07/09/2014

Interactions entre conflits internationaux et non-internationaux

Interactions entre conflits internationaux et non-internationaux

C'est le sujet de la prochaine Table Ronde sur le droit international humanitaire qui se tiendra à San Remo du jeudi 3 au samedi 5 septembre 2015, organisée conjointement par l'IIDH (www.iihl.org) et le CICR (www.cicr.org).

La distinction classique entre guerres internationales et guerres civiles semble maintenant mise à mal par les conflits contemporains, qui ne sont pas, comme on le prétend trop souvent, que des conflits internes : la plupart des conflits sont maintenant des conflits internationaux déguisés entre Etats qui suscitent, entraînent, arment, financent et dirigent à distances des milices. L'Ukraine, la Syrie, l'Irak, le Congo e  sont des exemples, aux conséquences humanitaires considérables.

Il est temps de lever ce "brouillard de la guerre" ("fog of war") et de clarifier non seulement les qualifications des conflits et des parties qui s'affrontent mais bien plus encore la responsabilité ("accountability") des Etats Parties aux Conventions de Genève de 1949 : les Etats Parties ( tous, car les Conventions de 1949 sont universellement ratifiées ) ont en effet la responsabilité de les "respecter et faire respecter en toutes circonstances".

Double responsabilité :

- "respecter", individuellement;

- "faire respecter", collectivement.

Cette responsabilité collective comporte à son tour deux volets:

- une obligation d'abstention : ne pas encourager des violations. C'est ce que la Cour Internationale de Justice, en 1986, avait affirmé dans l'Affaire Nicaragua, face aux Etats-Unis, dont certains services spéciaux soutenaient et entraînaient des "contras" en leur donnant des instructions contraires au droit humanitaire. Suivez mon regard et cherchez des exemples concrets dans l'actualité d'aujourd'hui...

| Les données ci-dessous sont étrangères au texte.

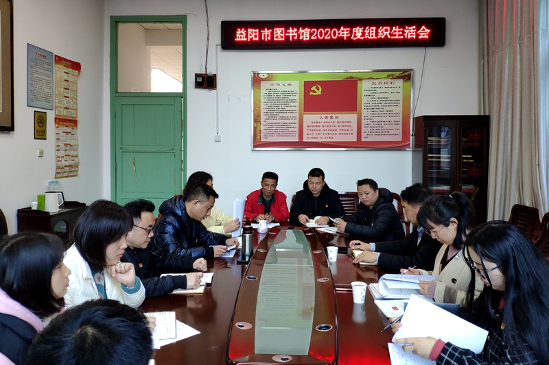 3月11日,益阳市图书馆党支部召开2020年度组织生活会,市文旅广体局党组成员、副局长徐志成,人事科到会指导。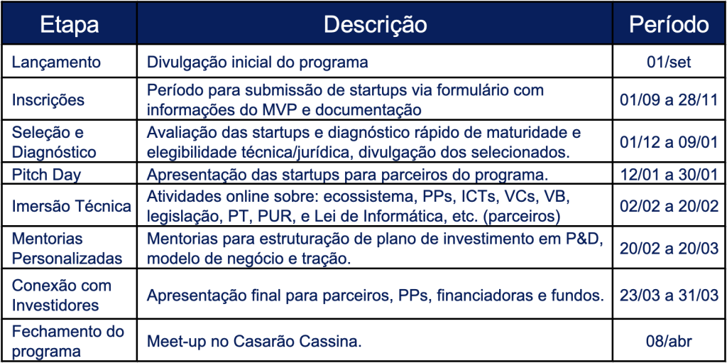 • Interação semanal com o ecossistema: encontros periódicos com representantes de ICTs, investidores, incubadoras, programas prioritários, corporações e gestores públicos, promovendo troca de experiências, networking e construção de oportunidades reais de negócio.
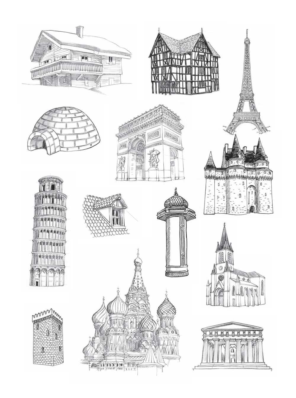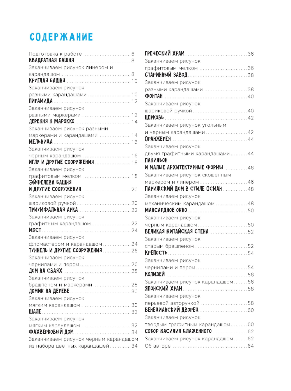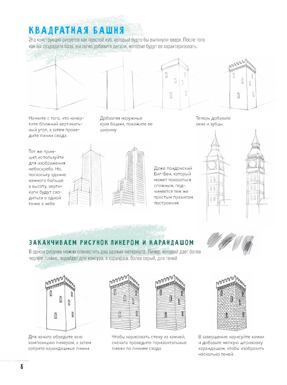 Серия «Скетчбук начинающего художника» от известного иллюстратора Лиз Эрзог воплотила в себе все достоинства современных учебников по рисованию: простоту, наглядность, возможность начать практиковаться прямо на страницах пособия, а также, что немаловажно, компактность и бюджетность. В каждом из этих скетчбуков вас ждет по 50 мастер-классов, выполненных и показанных пошагово и очень подробно. Вы можете повторить каждый рисунок за автором прямо на соседней странице! Остается лишь определиться с выбором рисовальных принадлежностей и... вы готовы приступить к творчеству! В этом скетчбуке вас ждут мастер-классы по рисованию зданий и построек: домов, дворцов, башен, пирамид, замков и т. д. Для простоты и наглядности автор разбивает каждое строение на простые формы и объемы, а затем с помощью различных приемов светотени и перспективы, а также разнообразных принадлежностей, дополняет деталями базовую структуру, превращая на наших глазах несколько объемных геометрических форм, к примеру, в... собор Василия Блаженного! Благодаря тому, что все уроки разбиты на 2-5 простых этапов, вы легко выделите главные моменты. В мастер-классах показаны разные техники завершения рисунка, что позволит придать вашему изображению объем и характер. Просто следуйте указаниям!

- une obligation d'action : agir pour faire cesser les violations ( en gros, crimes de guerre...). C'est encore la Cour Internationale de La Haye qui avait affirmé cette obligation dans son Arrêt consultatif de 2004 (dix ans déjà...) sur le Mur israélien construit  en territoire palestinien. Ici encore l'actualité du Proche-Orient devrait donner matière à parallèle et à action, si possible en conformité avec la Charte des Nations Unies (autorisation du Conseil de Sécurité) et en respectant le droit humanitaire (protection des civils, des hôpitaux, du personnel humanitaire, des prisonniers).

Cette Table Ronde s'inscrira aussi dans la perspective de la Conférence internationale de la Croix-Rouge et du Croissant-Rouge qui se tiendra à Genève en novembre 2015.

Elle se tiendra aussi l'année anniversaire de la Charte des Nations Unies, qui devrait être la colonne vertébrale du droit international public et qui mériterait aussi quelques réflexions pour qu'elle reste encore un cadre vivant facilitant la coopération internationale.

Genève pourra certainement contribuer à cette réflexion et héberger quelques réunions à cet effet. Nous en reparlerons.